[Work to complete]:
Look in the data below for the line that has "クリップオンサングラスを付け", then print exactly every line from there through the line that has "Saarbruecken 70e Denkmal", leaving pictures out.

[Input data]:
-.-.-

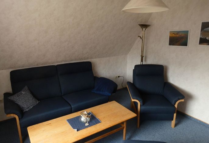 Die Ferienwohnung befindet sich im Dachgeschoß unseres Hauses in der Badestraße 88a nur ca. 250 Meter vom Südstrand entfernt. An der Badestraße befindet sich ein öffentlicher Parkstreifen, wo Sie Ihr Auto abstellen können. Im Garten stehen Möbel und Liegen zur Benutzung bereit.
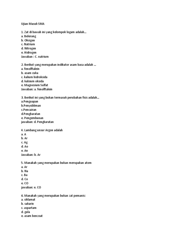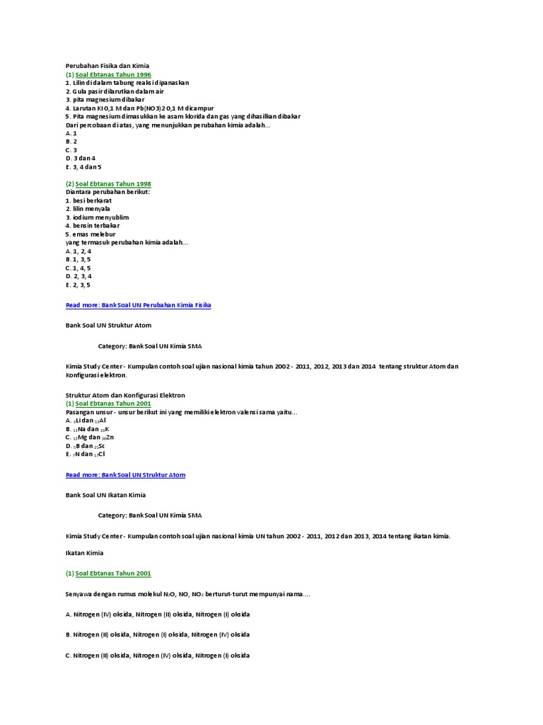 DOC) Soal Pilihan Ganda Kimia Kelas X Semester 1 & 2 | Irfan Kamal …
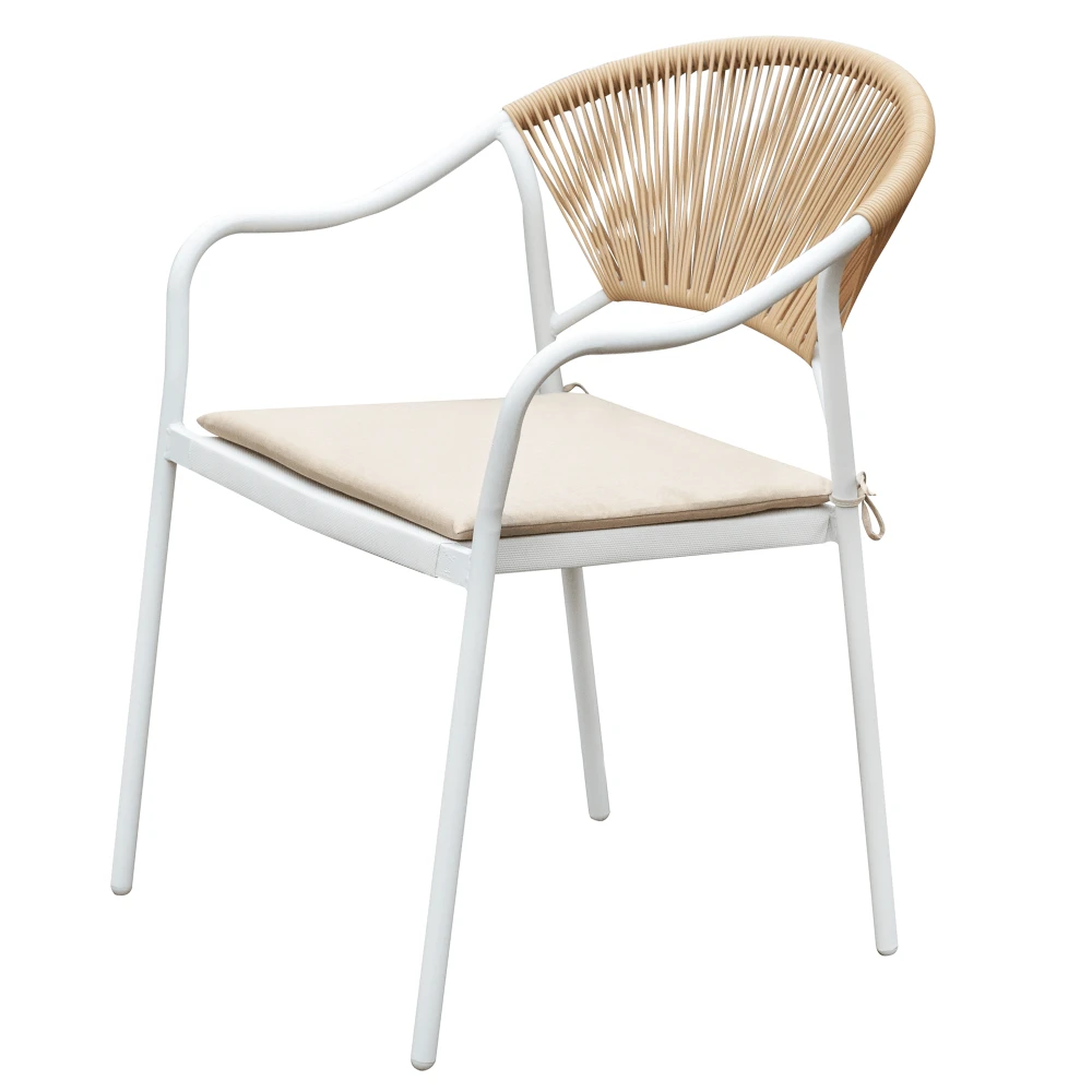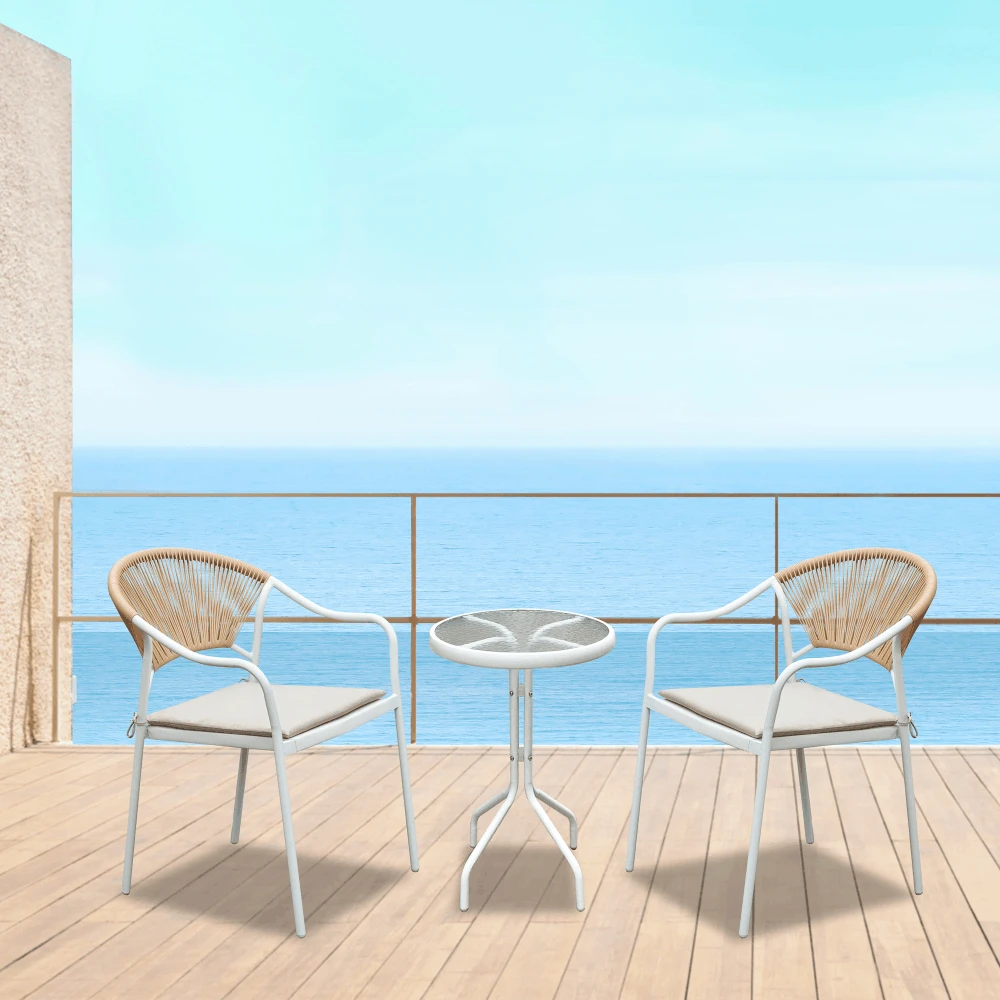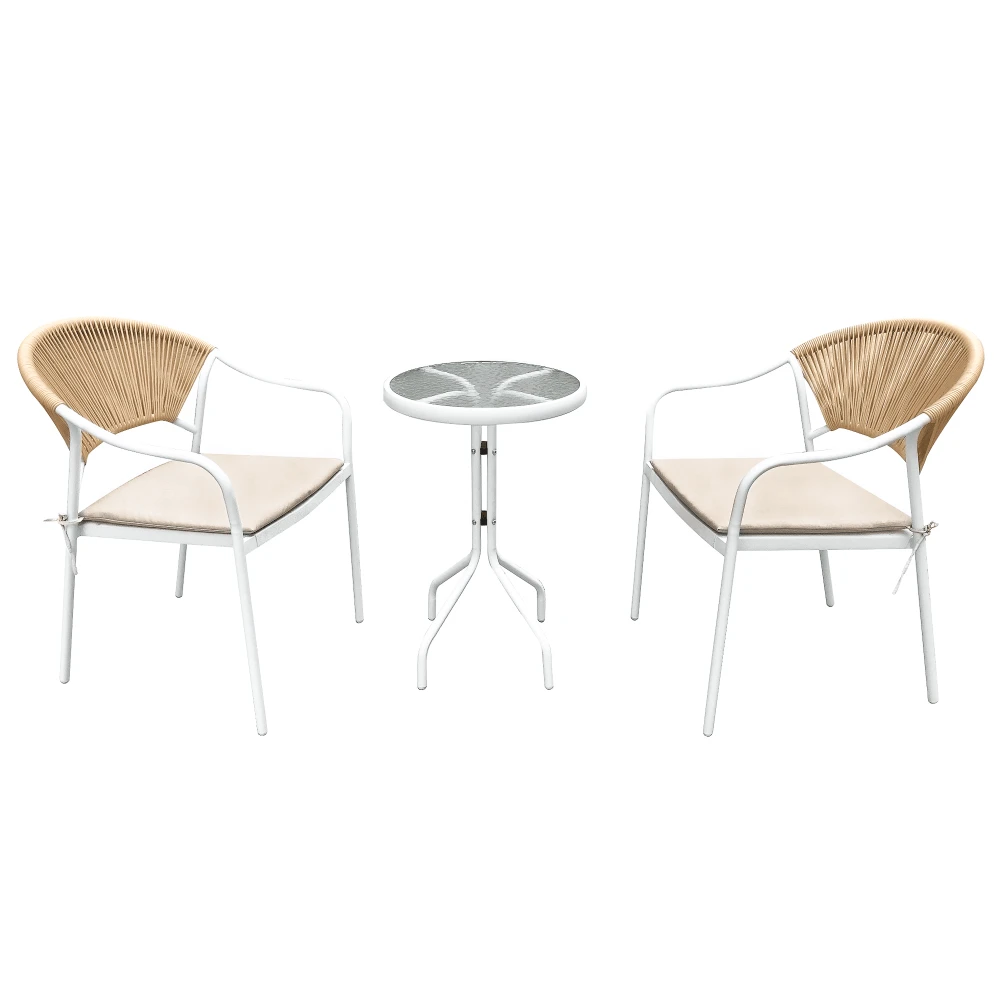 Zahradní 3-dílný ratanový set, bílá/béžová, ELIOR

-.-.-

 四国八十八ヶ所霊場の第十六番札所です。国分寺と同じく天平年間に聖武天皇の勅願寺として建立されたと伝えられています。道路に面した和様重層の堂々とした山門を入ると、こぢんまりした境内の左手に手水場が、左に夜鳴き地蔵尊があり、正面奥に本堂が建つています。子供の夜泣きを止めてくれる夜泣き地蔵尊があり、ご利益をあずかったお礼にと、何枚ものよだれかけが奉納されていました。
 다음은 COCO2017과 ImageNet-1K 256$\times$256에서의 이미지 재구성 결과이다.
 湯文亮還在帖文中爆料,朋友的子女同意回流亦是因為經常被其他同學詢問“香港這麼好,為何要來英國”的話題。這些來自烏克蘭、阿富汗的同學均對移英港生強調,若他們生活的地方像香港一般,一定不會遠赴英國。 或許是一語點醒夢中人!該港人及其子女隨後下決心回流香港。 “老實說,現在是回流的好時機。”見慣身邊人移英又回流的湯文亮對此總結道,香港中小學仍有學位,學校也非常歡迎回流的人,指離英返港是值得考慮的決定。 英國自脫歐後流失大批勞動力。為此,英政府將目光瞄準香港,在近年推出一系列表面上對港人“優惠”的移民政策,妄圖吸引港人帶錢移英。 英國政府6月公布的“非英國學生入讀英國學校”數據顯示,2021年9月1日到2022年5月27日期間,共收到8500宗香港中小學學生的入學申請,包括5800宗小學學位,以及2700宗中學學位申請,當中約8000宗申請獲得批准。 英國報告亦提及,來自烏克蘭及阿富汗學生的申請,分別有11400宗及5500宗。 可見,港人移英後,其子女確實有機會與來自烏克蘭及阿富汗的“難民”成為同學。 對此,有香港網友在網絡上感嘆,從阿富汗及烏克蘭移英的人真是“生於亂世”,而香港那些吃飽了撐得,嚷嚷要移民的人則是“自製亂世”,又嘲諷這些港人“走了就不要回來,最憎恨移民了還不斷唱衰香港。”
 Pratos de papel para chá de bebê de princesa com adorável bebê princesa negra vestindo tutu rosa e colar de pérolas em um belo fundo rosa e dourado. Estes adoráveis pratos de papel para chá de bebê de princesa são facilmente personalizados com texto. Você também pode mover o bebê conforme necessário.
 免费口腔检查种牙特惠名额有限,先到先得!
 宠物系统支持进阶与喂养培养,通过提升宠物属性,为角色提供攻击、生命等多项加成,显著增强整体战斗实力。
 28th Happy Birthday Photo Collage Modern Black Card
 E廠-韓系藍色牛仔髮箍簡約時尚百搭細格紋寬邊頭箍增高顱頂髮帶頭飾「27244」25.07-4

-.-.-

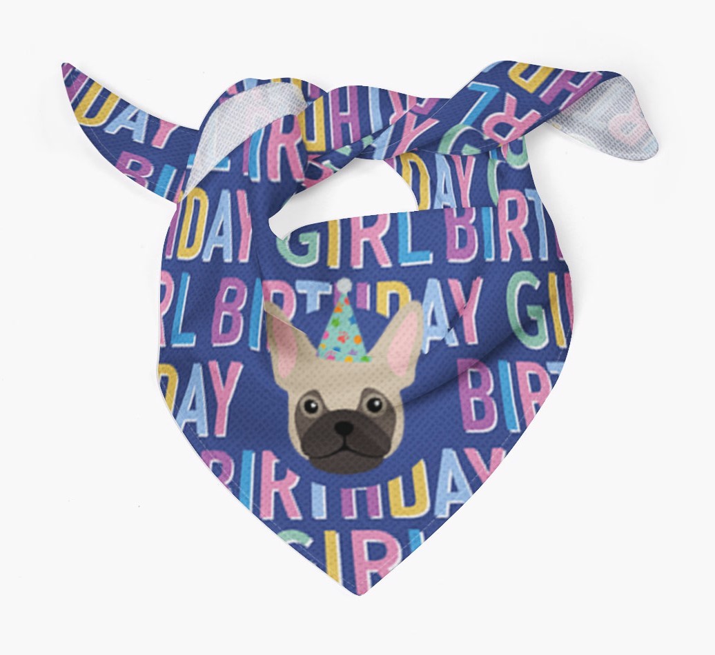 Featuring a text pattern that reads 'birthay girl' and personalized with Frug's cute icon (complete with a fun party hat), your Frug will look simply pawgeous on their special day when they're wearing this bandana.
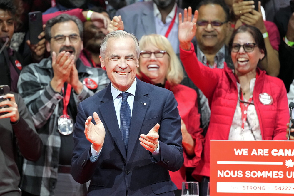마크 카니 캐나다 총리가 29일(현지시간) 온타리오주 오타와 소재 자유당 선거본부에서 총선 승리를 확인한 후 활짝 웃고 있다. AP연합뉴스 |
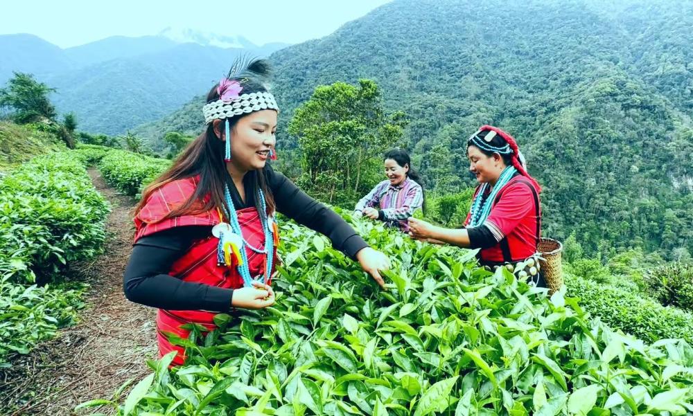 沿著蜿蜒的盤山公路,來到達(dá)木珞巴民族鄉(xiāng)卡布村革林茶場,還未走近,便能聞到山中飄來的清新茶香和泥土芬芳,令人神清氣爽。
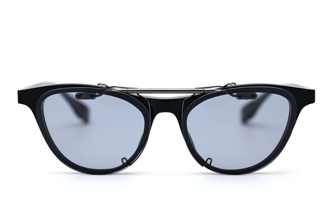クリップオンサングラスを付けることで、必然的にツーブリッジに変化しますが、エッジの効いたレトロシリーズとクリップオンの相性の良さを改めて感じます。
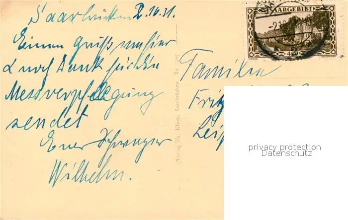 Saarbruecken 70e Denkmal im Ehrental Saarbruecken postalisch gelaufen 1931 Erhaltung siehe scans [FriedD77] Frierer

-.-.-

[Result of this task]:
クリップオンサングラスを付けることで、必然的にツーブリッジに変化しますが、エッジの効いたレトロシリーズとクリップオンの相性の良さを改めて感じます。
 Saarbruecken 70e Denkmal im Ehrental Saarbruecken postalisch gelaufen 1931 Erhaltung siehe scans [FriedD77] Frierer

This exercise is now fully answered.